あの視線だ。何十、何百という虚ろな視線が、伊吹に集中している。床下から。いまならわかる。ここに捕われ、死んでいったひとたち。助けを乞うて、それでも救われなかったひとたちの虚無の視線。

「ここから出してあげるから。もう少し待っていて」

伊吹は床に手をついて、静かに語りかける。

「家族のところへ、帰ろう。俺に教えて。ここには一体何がいるのか」

床に額づき、すべての視線を受け止める。絶望を通り越し、からっぽになった魂たちは、それでも一寸の光にかけ、床下からの開放を望んでいる。
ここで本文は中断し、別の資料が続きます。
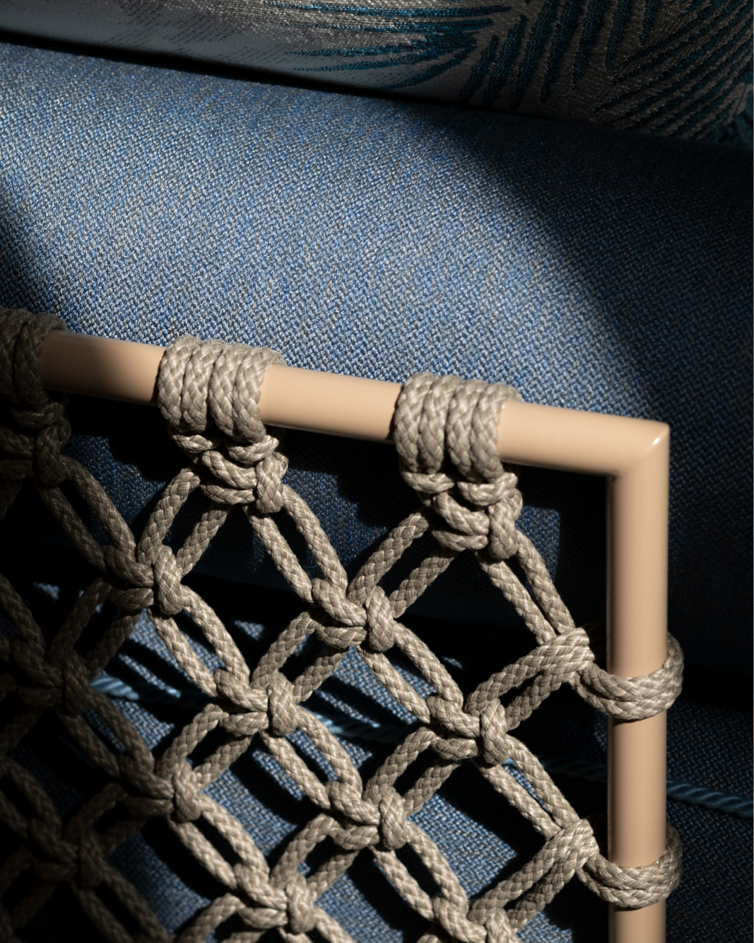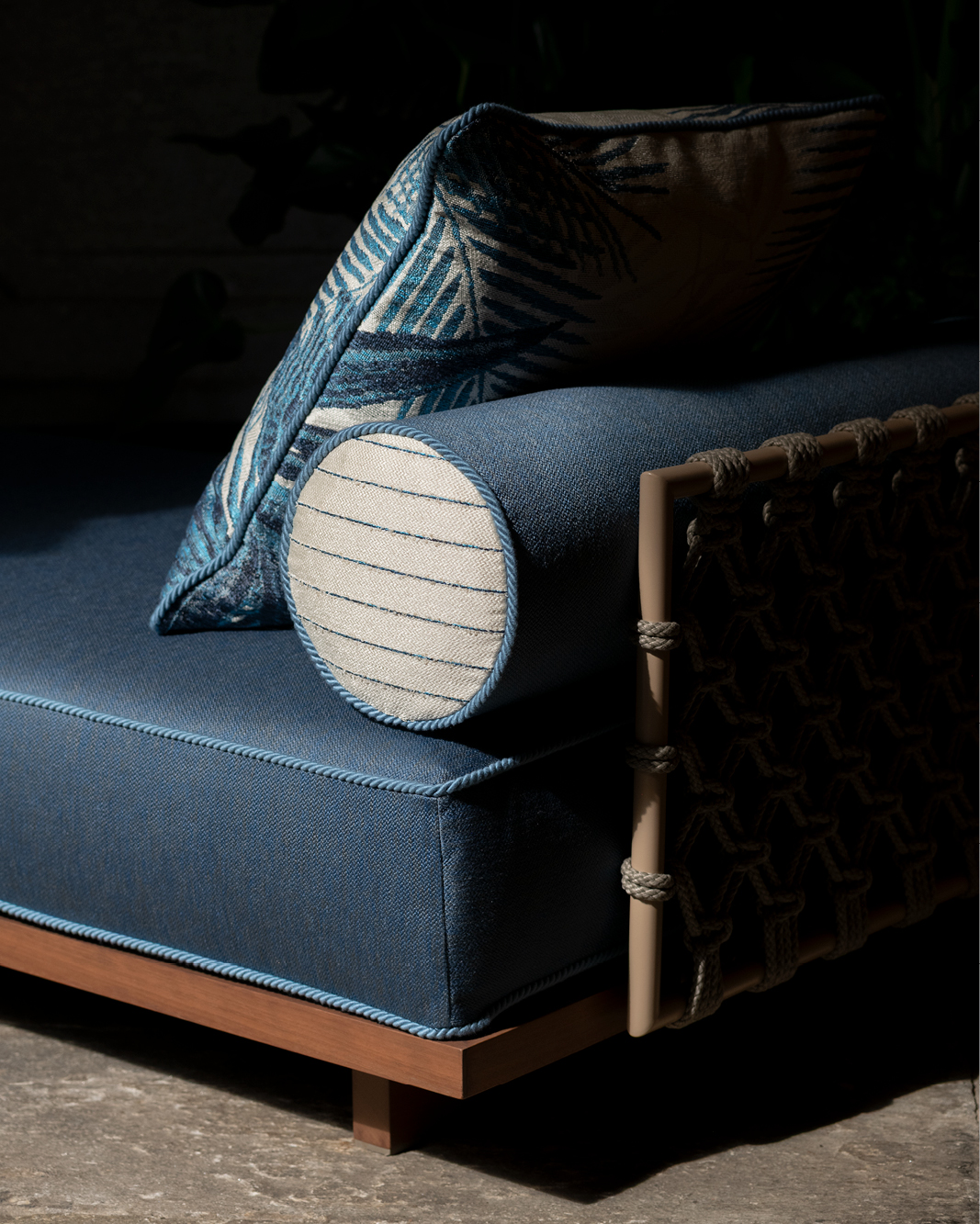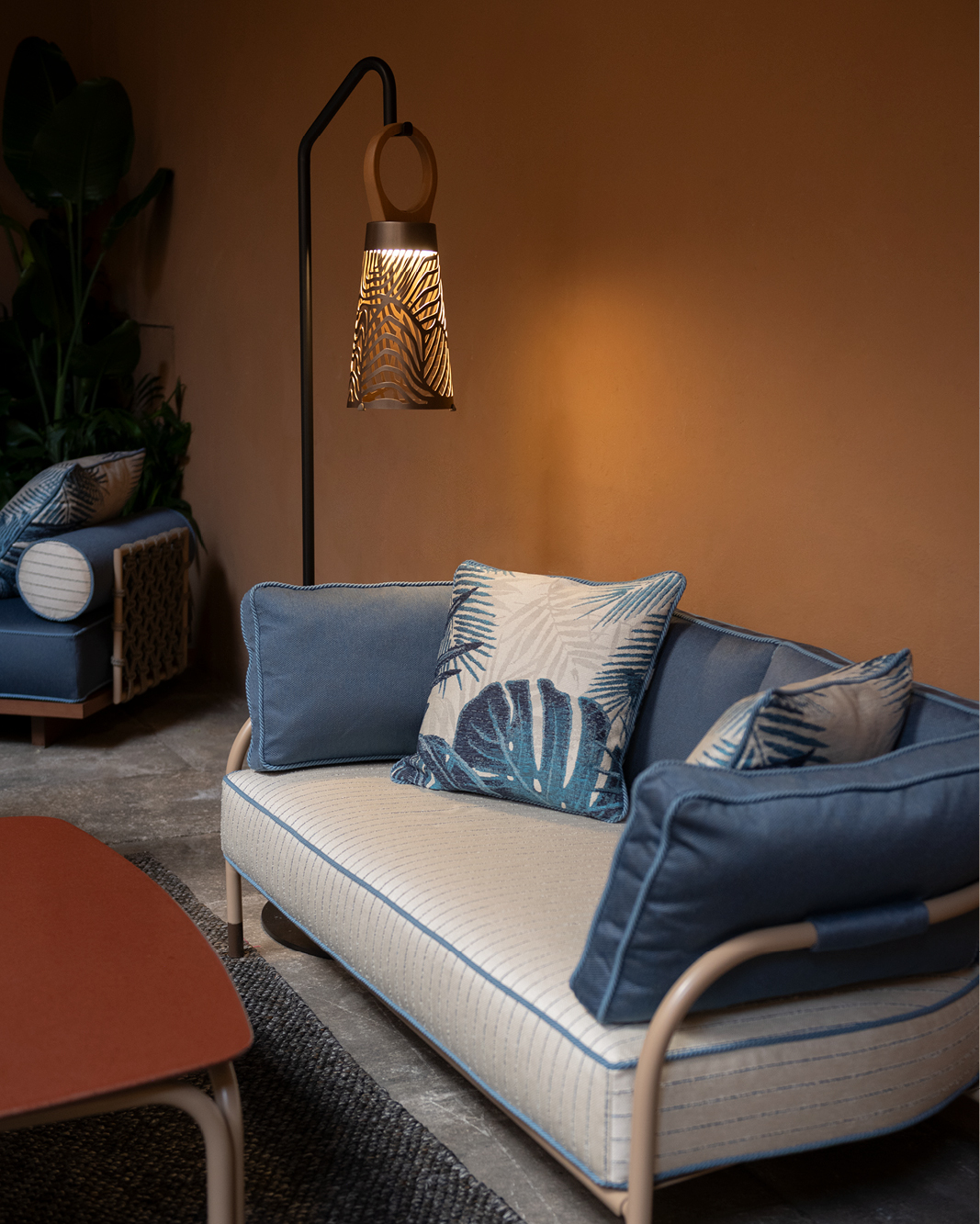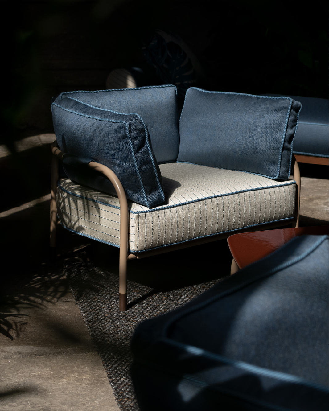 Una nuova proposta che segna il debutto della lounge chair e del divano a due posti Aliya, in dialogo con il tavolo basso Alì, firmati da Lorenza Bozzoli. Le strutture interamente metalliche, dalle linee sinuose e avvolgenti, incontrano la pietra lavica in finitura Mars Red, mentre i rivestimenti nella tonalità Blue Mirage della nuova palette trasformano la forza dei materiali in un linguaggio di calda e sofisticata eleganza.

伊吹ならば、それができる。

眼を閉じて正座をする。印を結んだ指先。すう、と息を吸い込み、細く細く口笛を吹く。穂積に習った方法を、一生懸命に脳内で再生する。

招魂。魂を呼び寄せる儀式。

花散る彼岸より、花咲く此岸へ。魂よ帰れ。いまひとたび帰れ。

彼岸へと響く口笛の音。闇をゆるゆると泳ぐ音は、漂う視線の間を縫い、静かにこちらへ引き寄せていく。じっとりと背中に汗が滲むのがわかる。二つの手で組んだ印が、見えない力によって引き離されそうになる。魂が抵抗している。こちらに戻ることを恐れている。